No pude responder. Solo me derrumbé en sus brazos, mientras Camila seguía llorando. Mi papá, siempre tan serio, me miró con reproche. —¿Y Julián? ¿Por qué no está contigo?
—Dice que necesita descansar… —musité, sintiendo la vergüenza arderme en la piel.
Mi mamá me llevó a mi antiguo cuarto, donde todavía colgaban los posters de Luis Miguel y las fotos de la prepa. Me ayudó a acostar a Camila, que por fin se quedó dormida, agotada de tanto llorar. Yo me senté en la cama, sintiéndome una niña otra vez, fracasada, perdida.
Los días siguientes fueron una mezcla de alivio y dolor. Mi mamá me ayudaba con la bebé, me preparaba caldito de pollo y me abrazaba cuando me veía llorar. Pero mi papá no podía ocultar su enojo. —Eso no se hace, Mariana. Un hombre debe estar con su familia, no mandarlas lejos cuando las cosas se ponen difíciles.
Yo trataba de justificar a Julián, pero en el fondo sabía que mi papá tenía razón. Cada noche, cuando Camila lloraba y yo la acunaba en la oscuridad, pensaba en Julián durmiendo tranquilo en nuestro departamento vacío. ¿Estaría pensando en nosotras? ¿O simplemente disfrutaba del silencio?
Una tarde, mi hermana menor, Paola, entró a mi cuarto sin tocar. —¿Y ahora qué vas a hacer? ¿Vas a regresar con él como si nada? —me preguntó, con ese tono directo que siempre ha tenido.
—No lo sé, Pao.
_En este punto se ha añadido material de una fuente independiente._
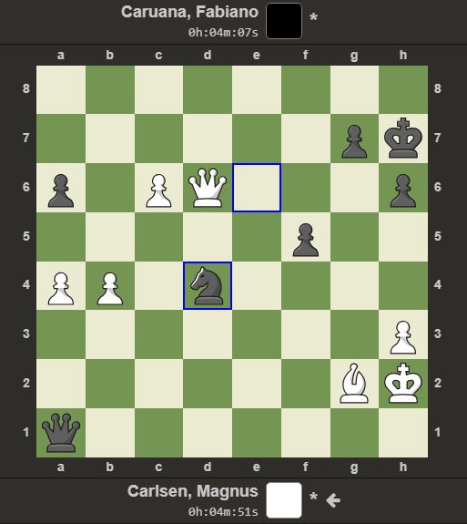 Сравнялись по времени шахматисты. Каруана идет конем на d5.

No quiero pelear, pero tampoco quiero sentirme sola en esto…
—Pues piénsalo bien, hermana. Porque si lo dejas pasar, mañana será otra cosa. Y tú mereces alguien que te acompañe, no que te abandone cuando más lo necesitas.
Sus palabras me dolieron, pero también me hicieron pensar. ¿Cuántas mujeres en mi colonia, en mi país, han pasado por lo mismo? ¿Cuántas han tenido que cargar solas con la maternidad mientras sus parejas se desentienden? Recordé a mi vecina, doña Lupita, que crió sola a sus tres hijos porque su marido se fue al norte y nunca volvió. ¿Sería ese mi destino?
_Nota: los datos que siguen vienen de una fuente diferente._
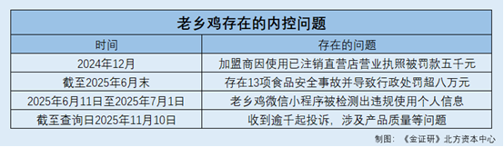 在招股书中,老乡鸡表示,其已实施一套全面的系统来监督加盟商的日常运营,确保严格遵守质量控制、食品安全及运营标准。此方面,截至2025年6月末存在多项食品安全事故并导致行政处罚,原因包括使用超过保质期的食材等。此外,老乡鸡消费和服务平收到逾千起投诉、老乡鸡微信小程序曾被检测出违规使用个人信息等情形,或也值得关注。

Esa noche, Julián me llamó. Su voz sonaba cansada, pero no triste. —¿Cómo está la niña? ¿Ya duerme mejor?
—Un poco… —le respondí, sin saber qué más decir.
—¿Y tú? —preguntó, como si de verdad le importara.
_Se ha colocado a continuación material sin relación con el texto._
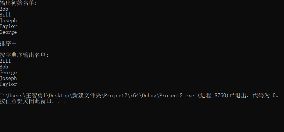 #include <stdio.h> #include <string.h> #define N 5 #define M 20 void bubble_sort(char str[][M], int n); int main() { char name[][M] = { "Bob", "Bill", "Joseph", "Taylor", "George" }; int i; printf("输出初始名单:\n"); for (i = 0; i < N; i++) printf("%s\n", name[i]); printf("\n排序中...\n"); bubble_sort(name, N); printf("\n按字典序输出名单:\n"); for (i = 0; i < N; i++) printf("%s\n", name[i]); return 0; } void bubble_sort(char str[][M], int n) { int i, j; char t[M]; for (i = 0; i < n; i++) { for (j = 0; j < n - 1 - i; j++) { if (strcmp(str[j], str[j + 1]) > 0) { strcpy_s(t, str[j]); strcpy_s(str[j], str[j + 1]); strcpy_s(str[j + 1], t); } } } }

—Cansada. Triste. Sintiéndome sola…
Hubo un silencio largo. —Mira, Mariana, yo también estoy agotado. No sabía que esto iba a ser tan difícil. Pensé que podríamos con todo, pero… no sé. Necesito tiempo para pensar.
Sentí que el piso se abría bajo mis pies. —¿Tiempo para pensar? ¿Sobre qué, Julián? ¿Sobre si quieres seguir siendo papá o esposo?
—No es eso… Solo… no sé si estoy hecho para esto.
Colgué el teléfono sin decir más. Esa noche lloré hasta quedarme dormida, abrazando a Camila como si fuera mi único ancla en el mundo.
Pasaron los días y Julián no llamó más. Mi mamá me aconsejaba paciencia, mi papá me decía que debía exigirle más, y Paola me animaba a pensar en mí y en mi hija primero. Yo sentía que me partía en dos: una parte quería regresar y luchar por mi familia, la otra quería quedarse donde al menos no me sentía tan sola.
Un domingo, mientras paseaba a Camila en el parque, vi a otras madres con sus bebés. Algunas iban solas, otras con sus parejas. Me pregunté cuántas de ellas estarían fingiendo sonrisas mientras por dentro se sentían igual de rotas que yo.
Esa tarde, Julián apareció en casa de mis padres. Traía ojeras profundas y una expresión de derrota. —Mariana, quiero hablar contigo —dijo, sin atreverse a mirarme a los ojos.
Nos sentamos en la sala, mientras mis papás se llevaban a Camila. Julián empezó a llorar. —Perdóname. Fui un cobarde. Me asusté. No supe cómo ayudarte ni cómo ayudarme a mí mismo. Pero te extraño. Las extraño. Quiero intentarlo de nuevo… si tú quieres.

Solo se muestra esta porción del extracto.